William B. Haseltine for Eye Cash Networks, Inc.

Craig G. Robitaille for Quadratech, Inc.

Glenn A. Little for Parallel Technologies, Inc.

Keith N. Costa and Steven B. Kass for Viking Resources International, Inc.

Neil J. Welch, Jr., Michael K. Lowman, and David Frye for the Division of Enforcement, Securities and Exchange Commission

BEFORE:

Brenda P. Murray, Chief Administrative Law Judge

I. Background

The Securities and Exchange Commission ("Commission") initiated this proceeding on June 8, 2004, pursuant to Section 12(j) of the Securities Exchange Act of 1934 ("Exchange Act"). The Order Instituting Proceedings ("OIP") alleges that each of the seventeen Respondents has failed to comply with Section 13(a) of the Exchange Act and Rules 13a-1 and 13a-13 thereunder. The OIP also alleges that each Respondent has violated a permanent injunction enjoining each of them from being delinquent in making required filings with the Commission.

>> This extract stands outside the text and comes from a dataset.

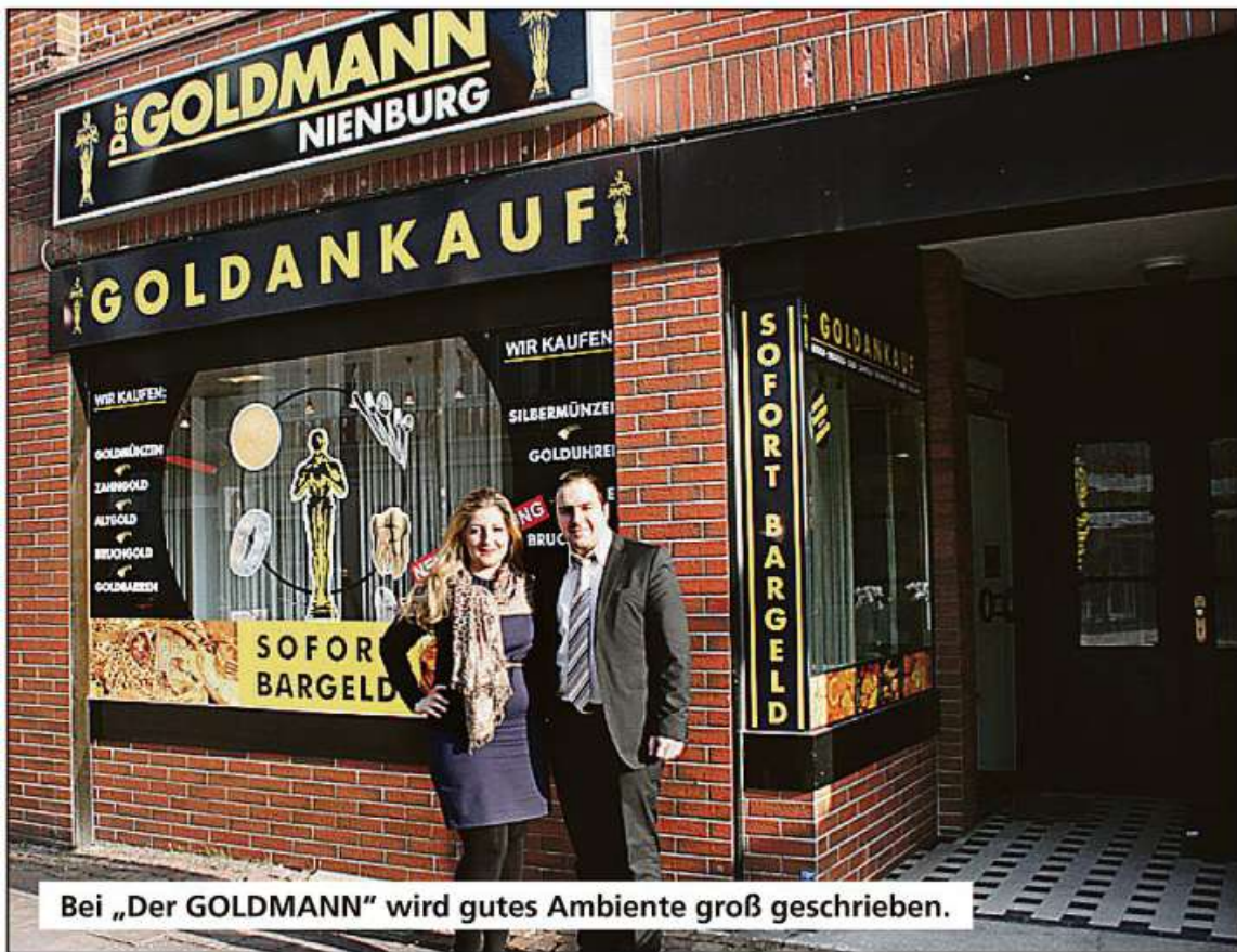
Bei „Der GOLDMANN“ wird gutes Ambiente groß geschrieben.

On August 5, 2004, I issued a default order revoking the registration of the securities of Alcohol Sensors Int'l, Ltd., Beachport Entertainment Corp., Biosonics, Inc., Compressent, Inc., Holly Holdings, Inc., Intelligent Decision Systems, Inc., Long Distance Direct Holdings, Inc., LRG Restaurant Group, Inc., Nevada Manhattan Group, Inc., Redneck Foods, Inc., Safetech Industries, Inc., and Xavier Corp. See Exchange Act Rel. No. 50150 (Aug. 5, 2004).

On August 16, 2004, the Commission revoked the registration of the securities of Hamilton-Biophile Companies. See Alcohol Sensors Int'l, Ltd., Exchange Act Rel. No. 50200 (Aug. 16, 2004).

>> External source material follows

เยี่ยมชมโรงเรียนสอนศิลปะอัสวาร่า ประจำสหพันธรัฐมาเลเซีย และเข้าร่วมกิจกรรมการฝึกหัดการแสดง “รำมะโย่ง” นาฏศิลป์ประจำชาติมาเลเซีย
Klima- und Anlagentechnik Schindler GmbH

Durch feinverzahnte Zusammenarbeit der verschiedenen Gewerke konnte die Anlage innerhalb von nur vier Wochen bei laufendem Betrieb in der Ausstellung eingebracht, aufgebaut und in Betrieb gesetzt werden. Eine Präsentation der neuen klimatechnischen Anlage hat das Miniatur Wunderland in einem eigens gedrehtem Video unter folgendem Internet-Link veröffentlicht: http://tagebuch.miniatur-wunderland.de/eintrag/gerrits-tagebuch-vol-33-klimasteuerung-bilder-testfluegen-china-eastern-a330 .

The Division of Enforcement ("Division") requested leave to file motions for summary disposition, which I granted on July 12, and July 16, 2004. 17 C.F.R. 201.250(a). (Order on Motion (July 12, 2004); prehearing conference July 16, 2004, Tr. 14.) The question of resolving the proceeding by a motion for summary disposition was discussed at the prehearing conference on July 16, 2004. The Division and Respondents Eye Cash Networks, Inc. ("Eye Cash"), Hamilton-Biophile Companies, Parallel Technologies, Inc. ("Parallel"), Quadratech, Inc., and Viking Resources Int'l, Inc. ("Viking"), participated in the prehearing conference.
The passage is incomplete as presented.